▶ [WHAT THE EXERCISE ASKS]
What is needed is the full listing written out exactly, minus the pictures.

▶ [RECORDS PROVIDED]

———

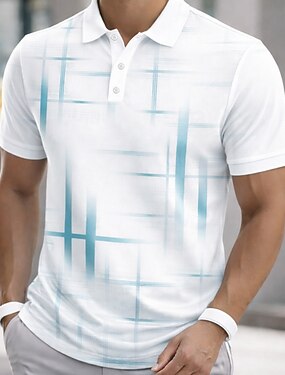 Муж. Абстракция геометрический Поло С короткими рукавами Футболки поло Лацкан Деловая одежда Бизнес Одежда для спорта и отдыха 3D печать Пуговицы Лето Небесно-голубой Белый Желтый
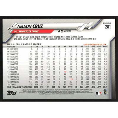 This is a 2020 Topps Nelson Cruz baseball card. The card is #281 and pictures show condition.
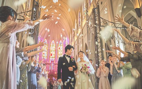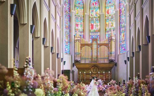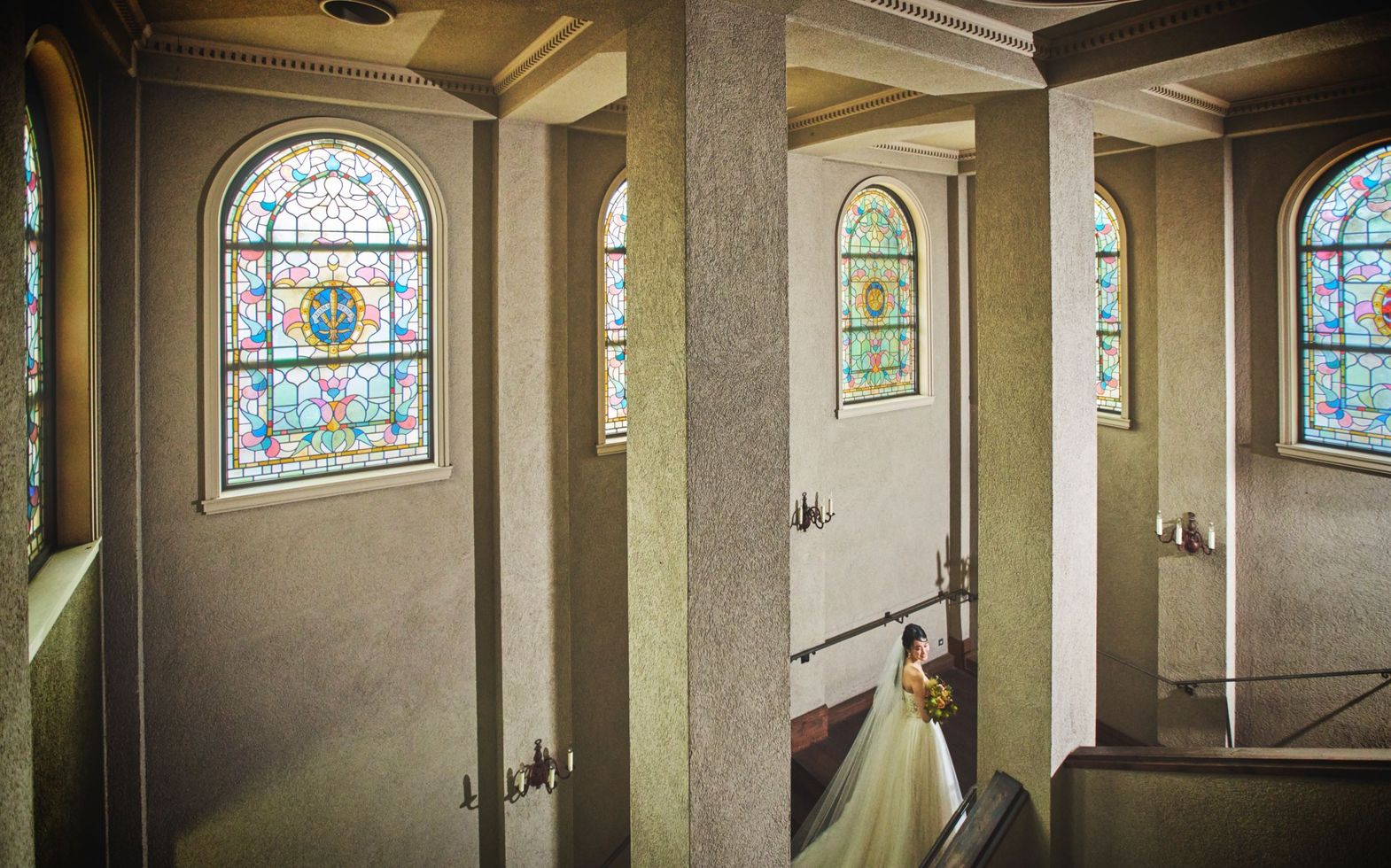 花嫁誰もが一目惚れする、ステンドグラスの光に照らされた西日本最大級の大聖堂
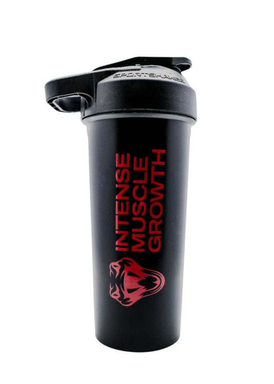 BOA Sports Shaker Protein Bottle, Flip-Top Lid, Elite Custom, Onyx Black Lid - Black with Red Logo.
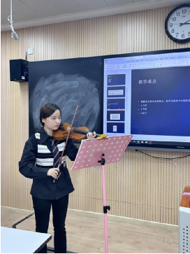 袁老师所授课程为《个别课(器乐)-小提琴》,本次示范观摩课曲目为莫扎特《A大调第五小提琴协奏曲(K.219)》第一乐章。袁泉老师通过对上节课的课程回顾,引入本节课的教学内容,强调莫扎特的《A大调第五小提琴协奏曲(K.219)》第一乐章以其爽朗的快板、清晰的结构和精湛的旋律构建而著称,在演奏过程中要特别注意旋律的流畅性,使得旋律既有歌唱性,又富有表现力,能够直接触动听众的情感;要想表现出流畅自然就要在换弦过程中注意衔接,以及右手胳膊与弓子的配合,同时注意节奏和动态的对比,演奏古典主义时期的作品节奏要与谱面保持一致严丝合缝。
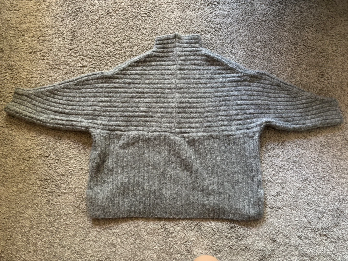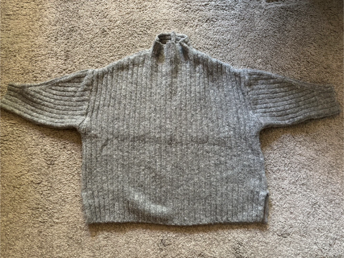Cozy grey sweater in a wool blend material. It has a unique ribbed design and a comfortable fit. Perfect for staying warm on chilly days!
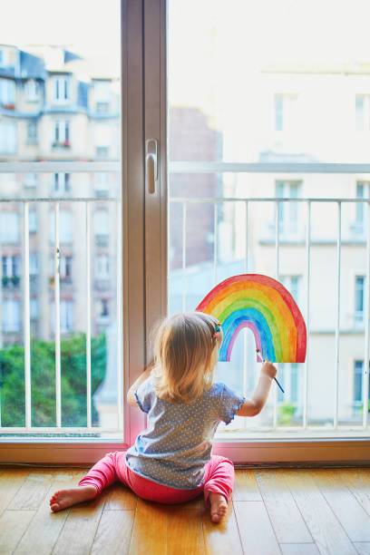 간절한 색으로 칠한 무지개를 창문에 그려놓는다
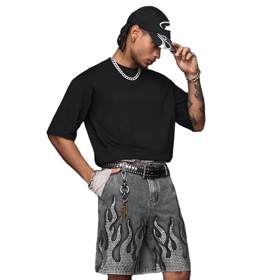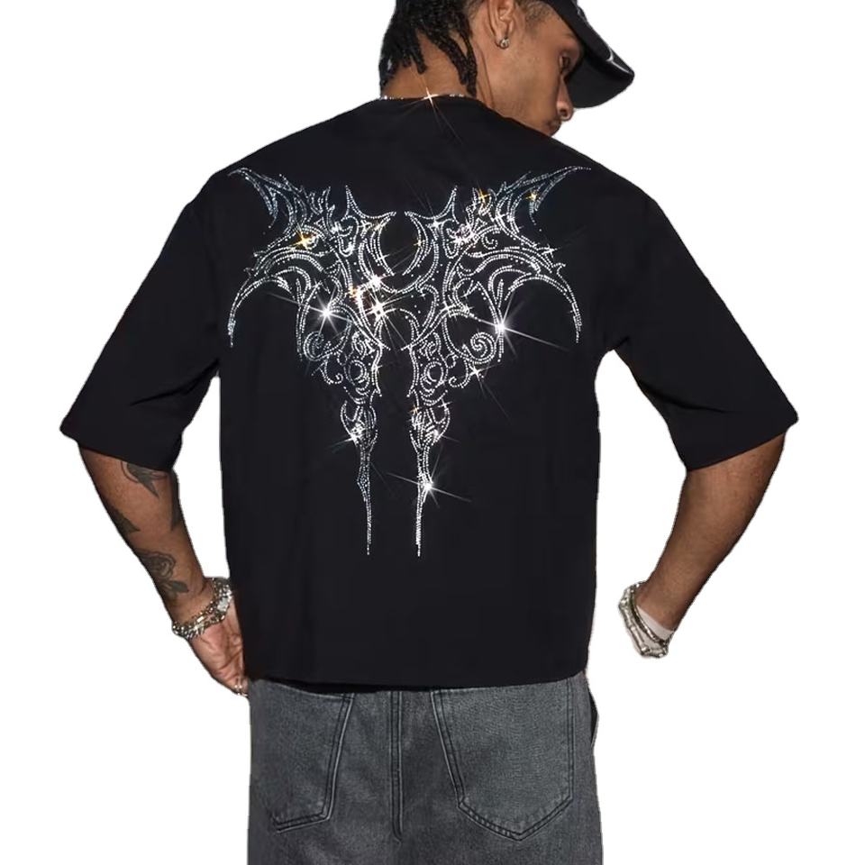 เสื้อยืดคอตตอนถักน้ำหนักมากสำหรับผู้ชาย สไตล์วินเทจ ล้างสีแบบแอซิด ป้องกันรอยยับ ประดับด้วยพลอยและคริสตัล ทรงปกติ รับผลิตตามสั่งขายส่ง

———

▶ [REPLY TO THE EXERCISE]
 Муж. Абстракция геометрический Поло С короткими рукавами Футболки поло Лацкан Деловая одежда Бизнес Одежда для спорта и отдыха 3D печать Пуговицы Лето Небесно-голубой Белый Желтый
 This is a 2020 Topps Nelson Cruz baseball card. The card is #281 and pictures show condition.
 花嫁誰もが一目惚れする、ステンドグラスの光に照らされた西日本最大級の大聖堂
 BOA Sports Shaker Protein Bottle, Flip-Top Lid, Elite Custom, Onyx Black Lid - Black with Red Logo.
 袁老师所授课程为《个别课(器乐)-小提琴》,本次示范观摩课曲目为莫扎特《A大调第五小提琴协奏曲(K.219)》第一乐章。袁泉老师通过对上节课的课程回顾,引入本节课的教学内容,强调莫扎特的《A大调第五小提琴协奏曲(K.219)》第一乐章以其爽朗的快板、清晰的结构和精湛的旋律构建而著称,在演奏过程中要特别注意旋律的流畅性,使得旋律既有歌唱性,又富有表现力,能够直接触动听众的情感;要想表现出流畅自然就要在换弦过程中注意衔接,以及右手胳膊与弓子的配合,同时注意节奏和动态的对比,演奏古典主义时期的作品节奏要与谱面保持一致严丝合缝。
Cozy grey sweater in a wool blend material. It has a unique ribbed design and a comfortable fit. Perfect for staying warm on chilly days!
 간절한 색으로 칠한 무지개를 창문에 그려놓는다
 เสื้อยืดคอตตอนถักน้ำหนักมากสำหรับผู้ชาย สไตล์วินเทจ ล้างสีแบบแอซิด ป้องกันรอยยับ ประดับด้วยพลอยและคริสตัล ทรงปกติ รับผลิตตามสั่งขายส่ง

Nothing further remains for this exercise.